(Dataset entries)
▽

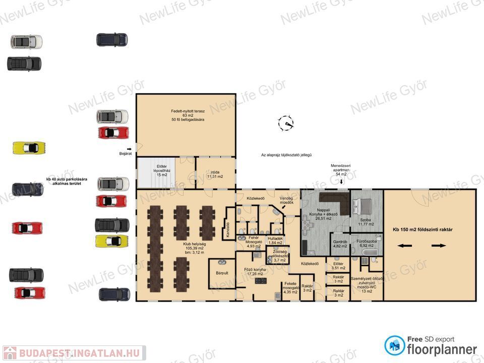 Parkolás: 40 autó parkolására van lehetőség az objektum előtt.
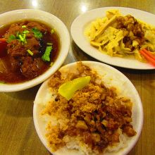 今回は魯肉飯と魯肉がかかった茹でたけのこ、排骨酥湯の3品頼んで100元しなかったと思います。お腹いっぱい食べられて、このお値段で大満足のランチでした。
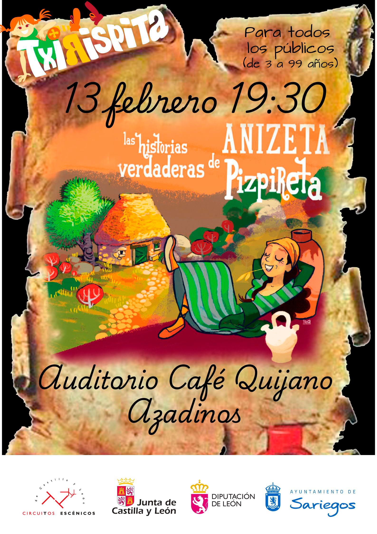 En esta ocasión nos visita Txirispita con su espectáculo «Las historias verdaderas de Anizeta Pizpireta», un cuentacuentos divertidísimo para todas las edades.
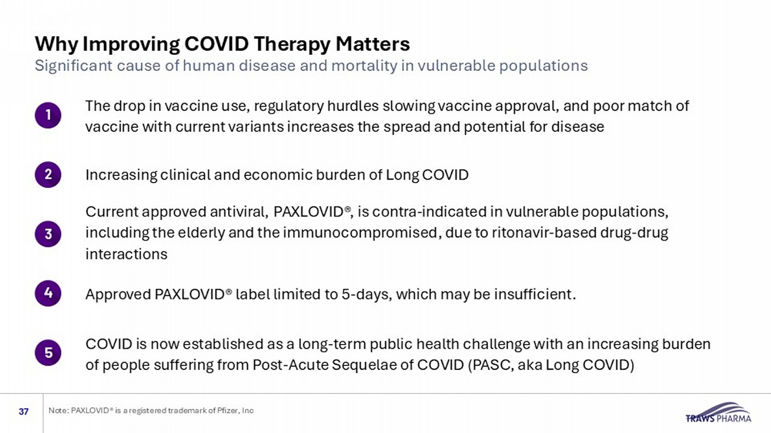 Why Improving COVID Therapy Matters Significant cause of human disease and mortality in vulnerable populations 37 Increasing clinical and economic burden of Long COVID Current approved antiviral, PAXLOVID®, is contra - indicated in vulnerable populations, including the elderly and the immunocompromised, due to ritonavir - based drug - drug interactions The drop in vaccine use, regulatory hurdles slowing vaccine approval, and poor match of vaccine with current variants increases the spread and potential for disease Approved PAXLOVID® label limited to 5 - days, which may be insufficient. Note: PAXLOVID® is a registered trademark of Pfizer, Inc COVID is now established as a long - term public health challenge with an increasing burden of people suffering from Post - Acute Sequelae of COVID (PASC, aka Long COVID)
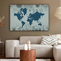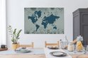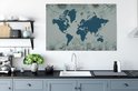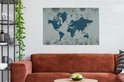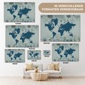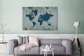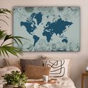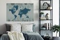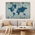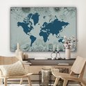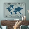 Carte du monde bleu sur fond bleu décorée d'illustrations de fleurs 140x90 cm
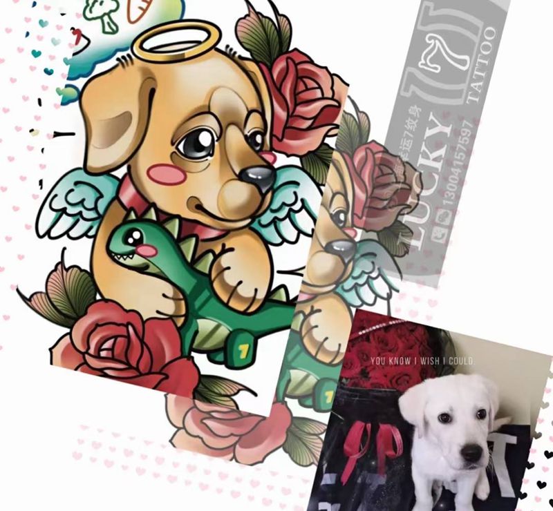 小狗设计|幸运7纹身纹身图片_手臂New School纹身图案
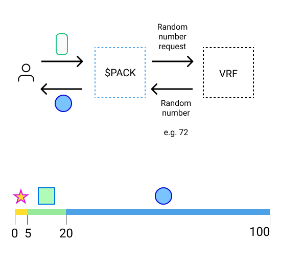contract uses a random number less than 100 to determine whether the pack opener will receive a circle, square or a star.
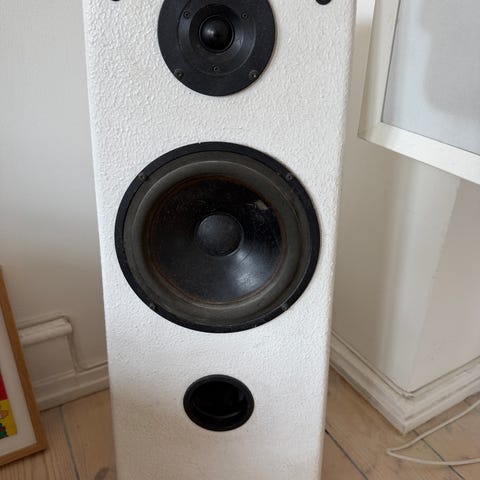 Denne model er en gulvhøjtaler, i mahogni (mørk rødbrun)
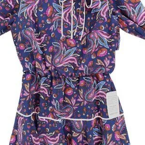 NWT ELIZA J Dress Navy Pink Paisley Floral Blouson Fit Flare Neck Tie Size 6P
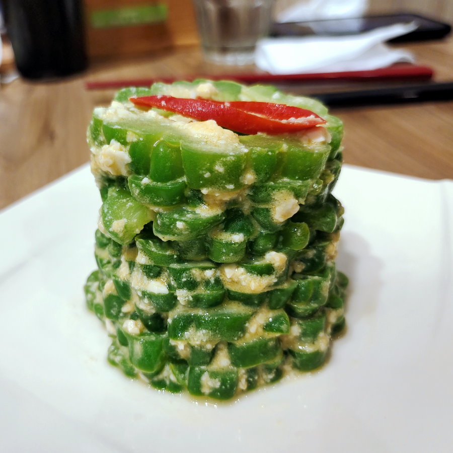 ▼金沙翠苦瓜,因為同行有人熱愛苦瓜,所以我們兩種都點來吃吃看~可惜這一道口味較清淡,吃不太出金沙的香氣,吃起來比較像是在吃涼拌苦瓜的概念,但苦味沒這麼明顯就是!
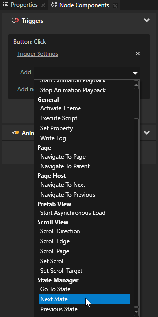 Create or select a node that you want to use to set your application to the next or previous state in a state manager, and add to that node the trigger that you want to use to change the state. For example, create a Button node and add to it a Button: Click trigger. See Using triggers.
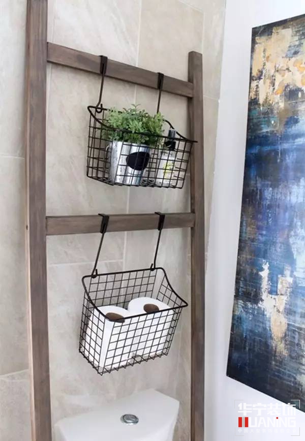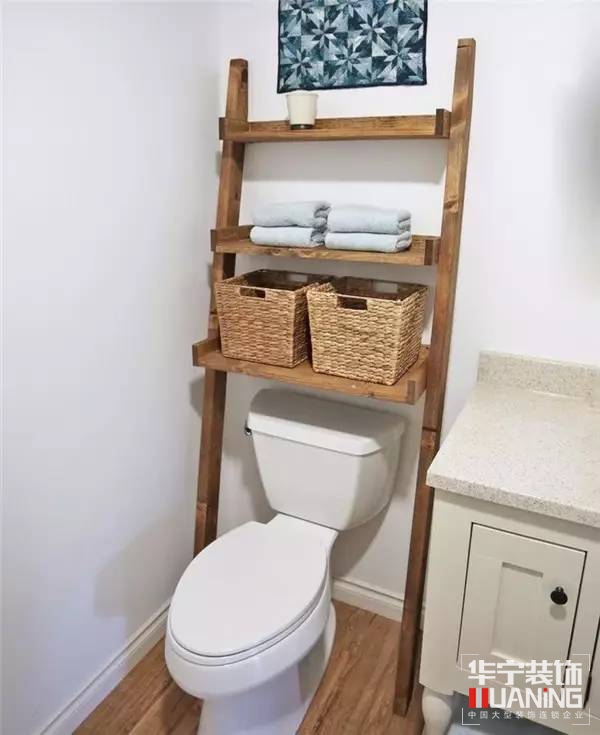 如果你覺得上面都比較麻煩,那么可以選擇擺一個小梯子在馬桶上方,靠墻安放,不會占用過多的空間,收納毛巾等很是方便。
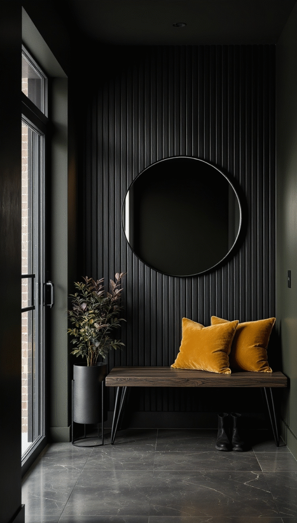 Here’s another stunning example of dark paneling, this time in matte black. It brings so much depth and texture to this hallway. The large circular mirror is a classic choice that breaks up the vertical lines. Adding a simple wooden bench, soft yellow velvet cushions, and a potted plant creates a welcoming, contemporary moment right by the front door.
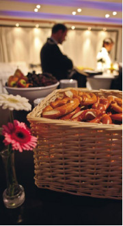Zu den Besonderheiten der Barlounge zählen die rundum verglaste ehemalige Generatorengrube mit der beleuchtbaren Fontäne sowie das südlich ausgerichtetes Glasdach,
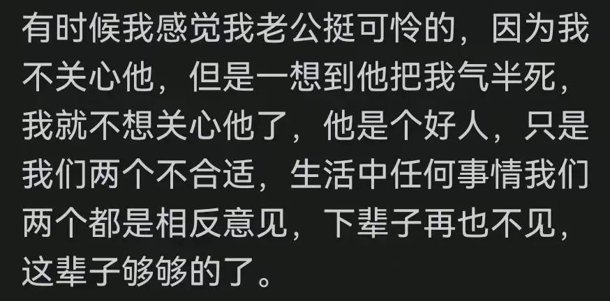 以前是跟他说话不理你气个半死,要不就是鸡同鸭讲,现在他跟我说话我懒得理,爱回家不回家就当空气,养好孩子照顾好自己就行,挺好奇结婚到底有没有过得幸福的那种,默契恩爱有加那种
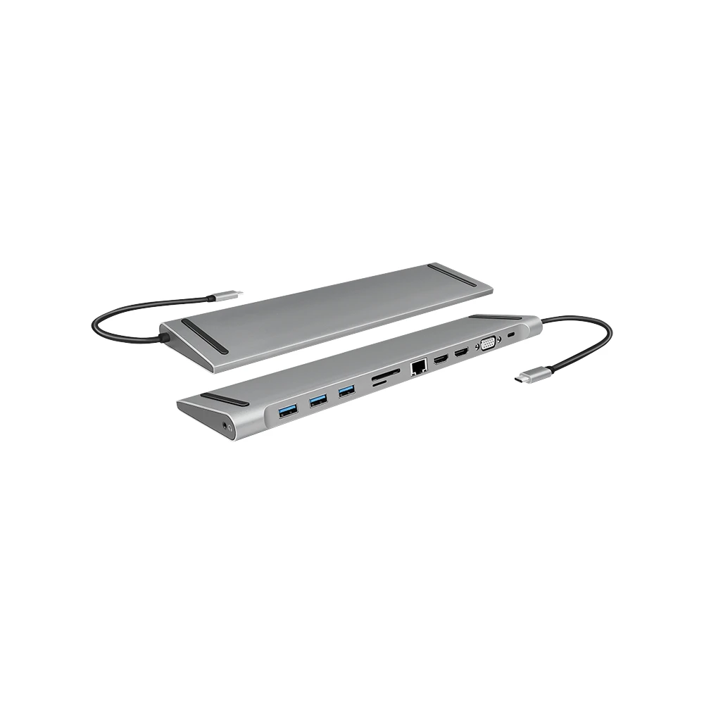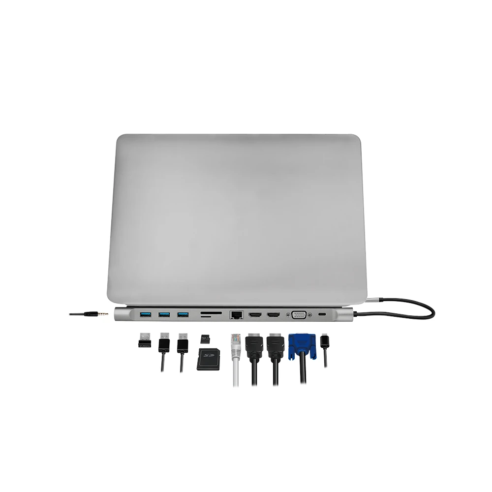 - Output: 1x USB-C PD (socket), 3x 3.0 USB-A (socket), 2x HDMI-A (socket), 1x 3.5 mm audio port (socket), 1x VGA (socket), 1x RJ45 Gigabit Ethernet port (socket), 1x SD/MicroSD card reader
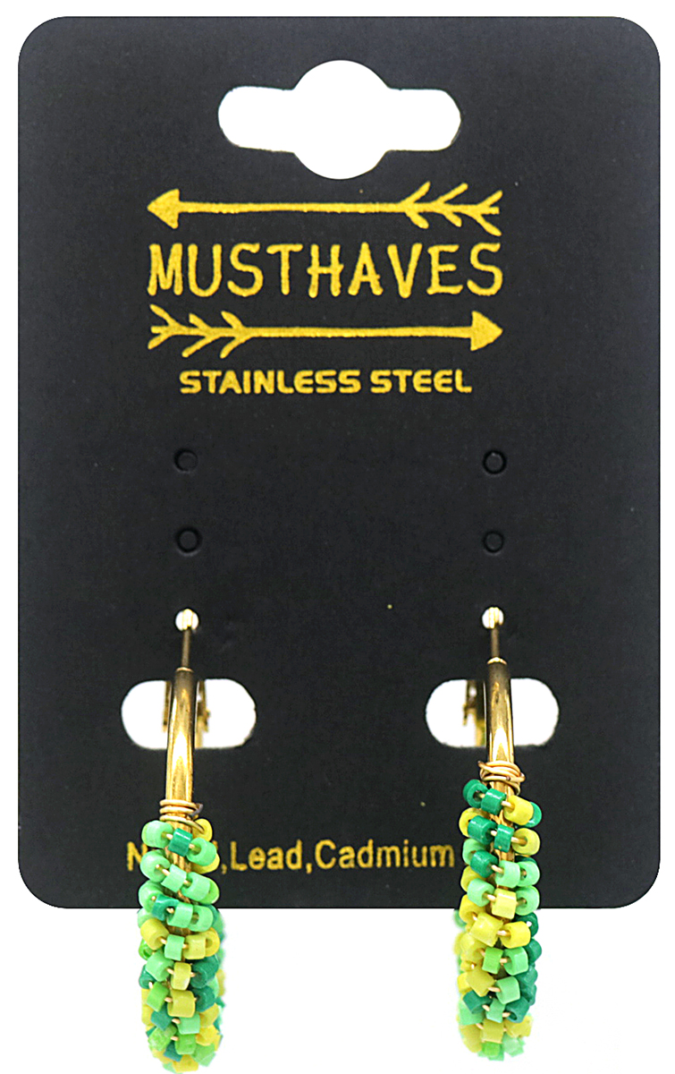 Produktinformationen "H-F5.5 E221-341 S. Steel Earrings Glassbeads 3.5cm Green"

△

Problem statement: For this exercise, the lines from the one containing "Denne model er" through the last line of the entries above are to be output exactly, both included, and pictures are skipped.

Written response:
 Denne model er en gulvhøjtaler, i mahogni (mørk rødbrun)
 NWT ELIZA J Dress Navy Pink Paisley Floral Blouson Fit Flare Neck Tie Size 6P
 ▼金沙翠苦瓜,因為同行有人熱愛苦瓜,所以我們兩種都點來吃吃看~可惜這一道口味較清淡,吃不太出金沙的香氣,吃起來比較像是在吃涼拌苦瓜的概念,但苦味沒這麼明顯就是!
 Create or select a node that you want to use to set your application to the next or previous state in a state manager, and add to that node the trigger that you want to use to change the state. For example, create a Button node and add to it a Button: Click trigger. See Using triggers.
 如果你覺得上面都比較麻煩,那么可以選擇擺一個小梯子在馬桶上方,靠墻安放,不會占用過多的空間,收納毛巾等很是方便。
 Here’s another stunning example of dark paneling, this time in matte black. It brings so much depth and texture to this hallway. The large circular mirror is a classic choice that breaks up the vertical lines. Adding a simple wooden bench, soft yellow velvet cushions, and a potted plant creates a welcoming, contemporary moment right by the front door.
Zu den Besonderheiten der Barlounge zählen die rundum verglaste ehemalige Generatorengrube mit der beleuchtbaren Fontäne sowie das südlich ausgerichtetes Glasdach,
 以前是跟他说话不理你气个半死,要不就是鸡同鸭讲,现在他跟我说话我懒得理,爱回家不回家就当空气,养好孩子照顾好自己就行,挺好奇结婚到底有没有过得幸福的那种,默契恩爱有加那种
 - Output: 1x USB-C PD (socket), 3x 3.0 USB-A (socket), 2x HDMI-A (socket), 1x 3.5 mm audio port (socket), 1x VGA (socket), 1x RJ45 Gigabit Ethernet port (socket), 1x SD/MicroSD card reader
 Produktinformationen "H-F5.5 E221-341 S. Steel Earrings Glassbeads 3.5cm Green"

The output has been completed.